-- About this task --
Reproduce, word for word, all of the records; the pictures stay out.

#####

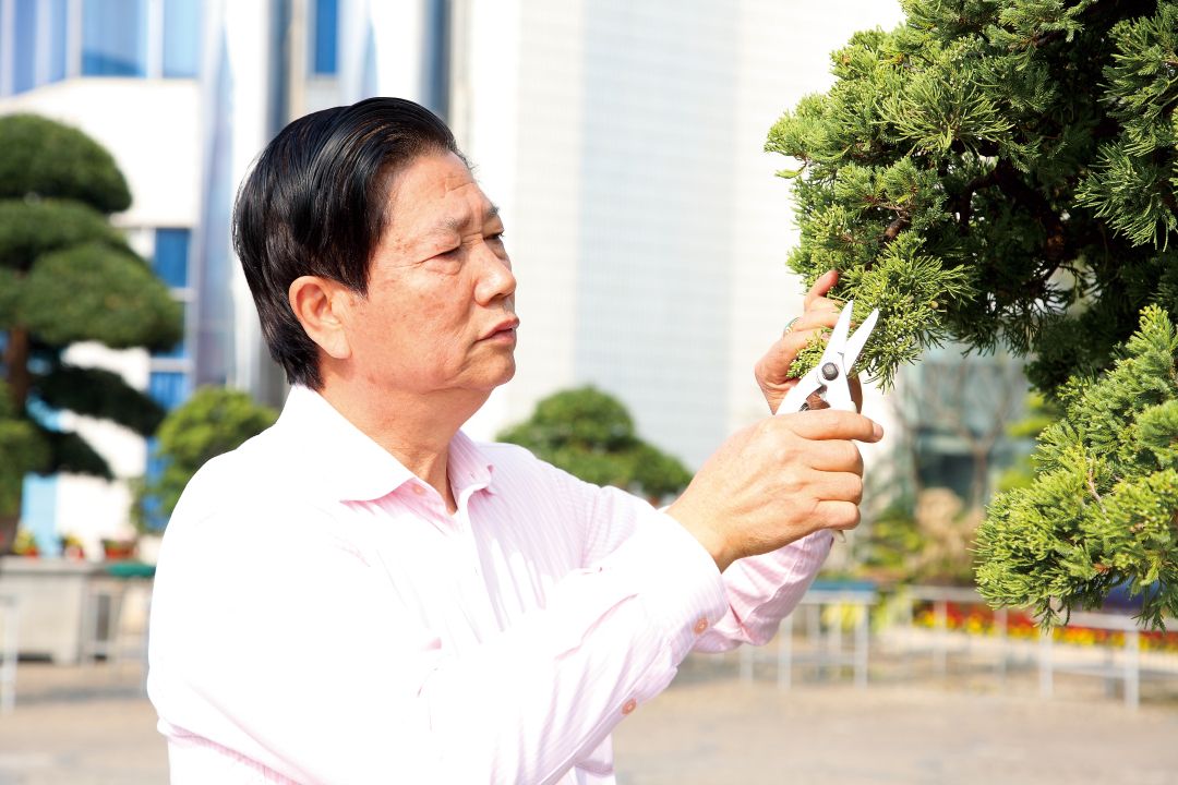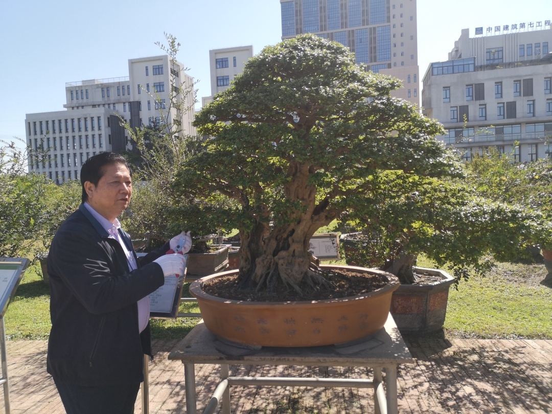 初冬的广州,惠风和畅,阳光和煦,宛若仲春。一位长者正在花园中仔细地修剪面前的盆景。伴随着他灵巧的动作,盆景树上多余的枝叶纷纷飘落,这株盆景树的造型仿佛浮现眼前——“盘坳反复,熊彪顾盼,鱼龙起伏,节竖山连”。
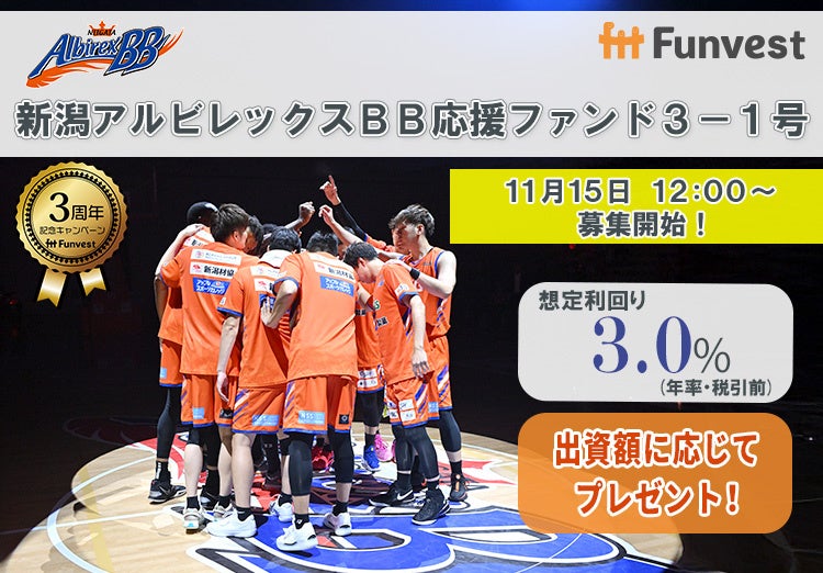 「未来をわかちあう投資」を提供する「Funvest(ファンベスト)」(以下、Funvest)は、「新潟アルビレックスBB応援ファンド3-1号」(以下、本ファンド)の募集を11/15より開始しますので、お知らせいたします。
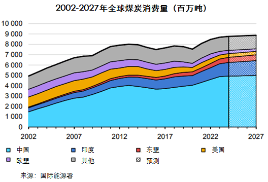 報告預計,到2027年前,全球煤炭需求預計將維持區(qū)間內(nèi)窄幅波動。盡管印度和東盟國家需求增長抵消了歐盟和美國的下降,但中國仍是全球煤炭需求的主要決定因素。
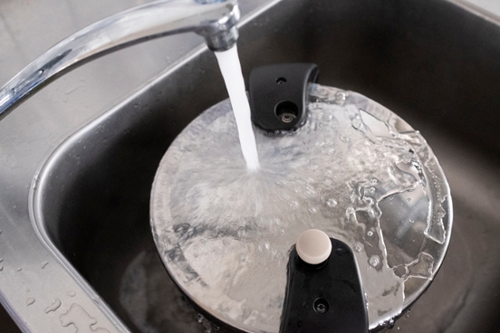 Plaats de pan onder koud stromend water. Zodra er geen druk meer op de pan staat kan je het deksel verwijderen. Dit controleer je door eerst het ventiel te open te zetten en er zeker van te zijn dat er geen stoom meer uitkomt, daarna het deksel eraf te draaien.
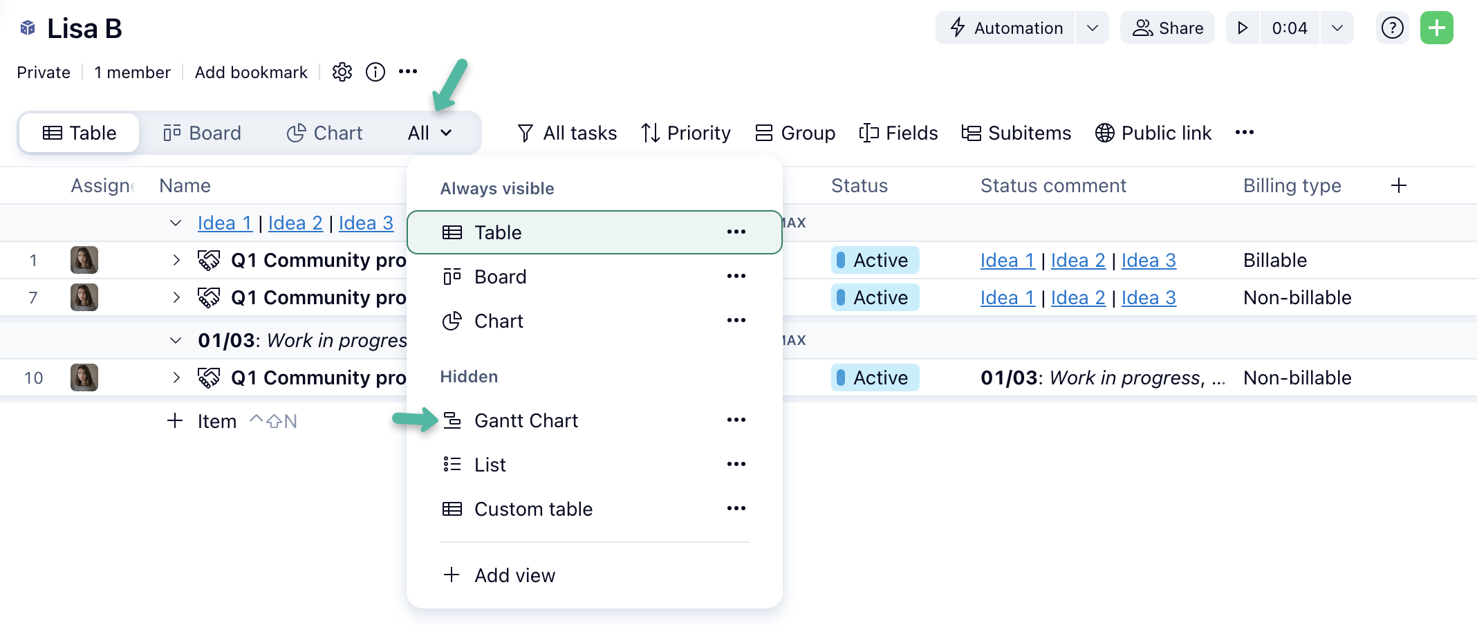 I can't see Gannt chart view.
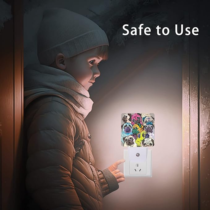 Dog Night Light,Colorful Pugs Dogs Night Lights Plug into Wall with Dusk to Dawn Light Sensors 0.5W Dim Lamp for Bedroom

#####

-- Response below --
 初冬的广州,惠风和畅,阳光和煦,宛若仲春。一位长者正在花园中仔细地修剪面前的盆景。伴随着他灵巧的动作,盆景树上多余的枝叶纷纷飘落,这株盆景树的造型仿佛浮现眼前——“盘坳反复,熊彪顾盼,鱼龙起伏,节竖山连”。
 「未来をわかちあう投資」を提供する「Funvest(ファンベスト)」(以下、Funvest)は、「新潟アルビレックスBB応援ファンド3-1号」(以下、本ファンド)の募集を11/15より開始しますので、お知らせいたします。
 報告預計,到2027年前,全球煤炭需求預計將維持區(qū)間內(nèi)窄幅波動。盡管印度和東盟國家需求增長抵消了歐盟和美國的下降,但中國仍是全球煤炭需求的主要決定因素。
 Plaats de pan onder koud stromend water. Zodra er geen druk meer op de pan staat kan je het deksel verwijderen. Dit controleer je door eerst het ventiel te open te zetten en er zeker van te zijn dat er geen stoom meer uitkomt, daarna het deksel eraf te draaien.
 I can't see Gannt chart view.
 Dog Night Light,Colorful Pugs Dogs Night Lights Plug into Wall with Dusk to Dawn Light Sensors 0.5W Dim Lamp for Bedroom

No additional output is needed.